One of the well known disadvantages of item-wise aggregations is the risk of a systematic bias against some of the aggregated parties (i.e., recommenders in our case) (Kaya et al. 2020; Serbos et al. 2017; Xiao et al. 2017). For instance, consider the following example with three recommender systems \(R_1, R_2\) and \(R_3\) that propose items as shown in Table 1. For simplicity, assume that all recommenders have the same weight and aggregation function is the (weighted) average of per-item scores. Now, if top-3 objects are recommended to the user, those will be \(o_1\), \(o_3\) and \(o_2\). Specifically, not a single object preferred by \(R_3\) would be displayed to the user.

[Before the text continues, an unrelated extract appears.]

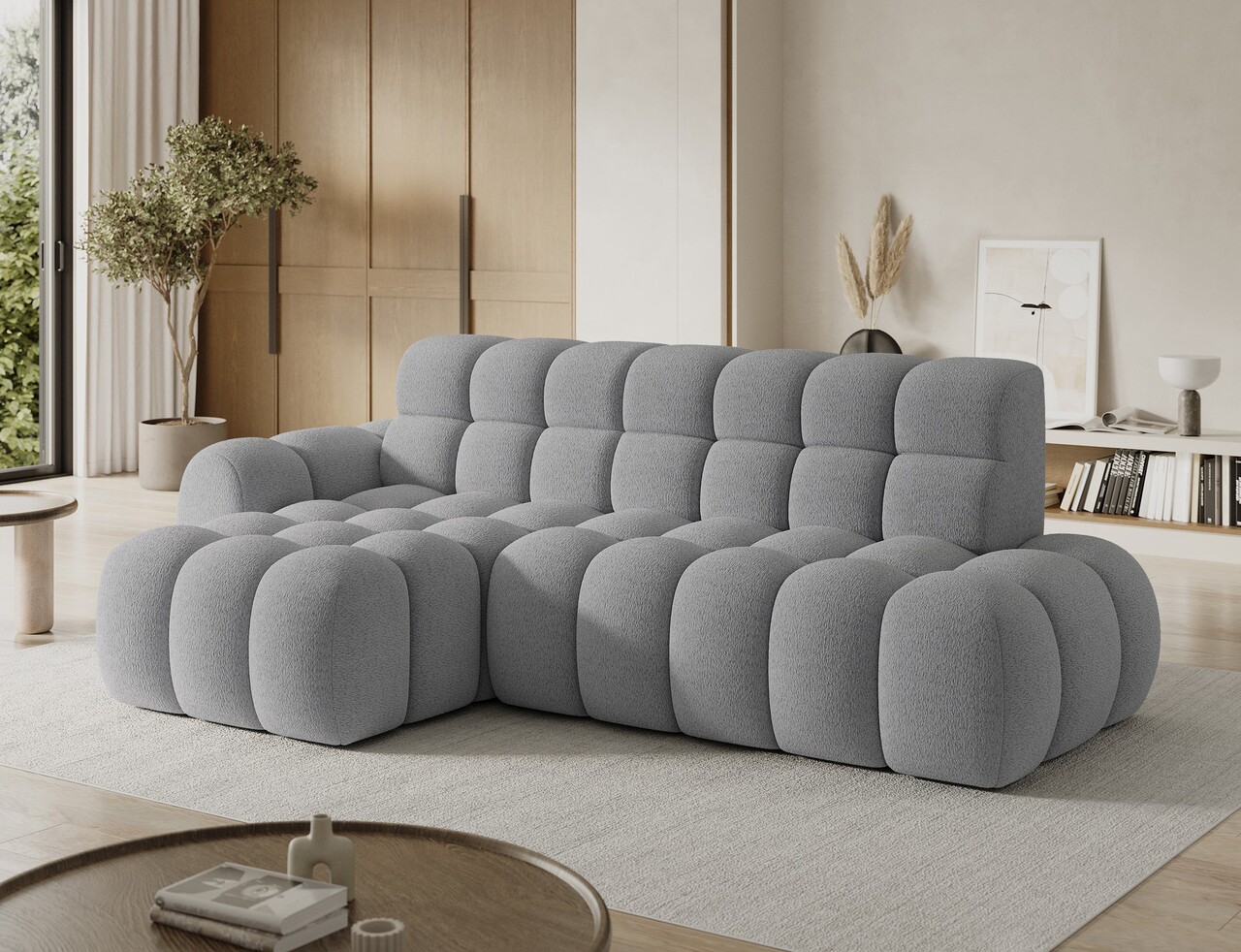 Coltar extensibil stanga 3 locuri ELTAP, Ceedro, 283x165x98 cm, lemn/poliester, gri deschis

Let us consider another situation with two recommenders \(R_4\) and \(R_5\). This time, both recommenders have assigned weights \(w_4 = 0.7\) and \(w_5 = 0.3\). Now, although the recommender \(R_5\) should have certain importance (it has nonzero weight), it has absolutely no effect on the final ranking if weighted AVG of item’s scores is used. In fact, the final ranking is exactly opposite to the ranking induced by \(R_5\). Obviously, these examples are over-simplistic, but similar issues may be expected in real-world situations as well. Also, similar adversary examples may be constructed for other item-wise aggregation functions.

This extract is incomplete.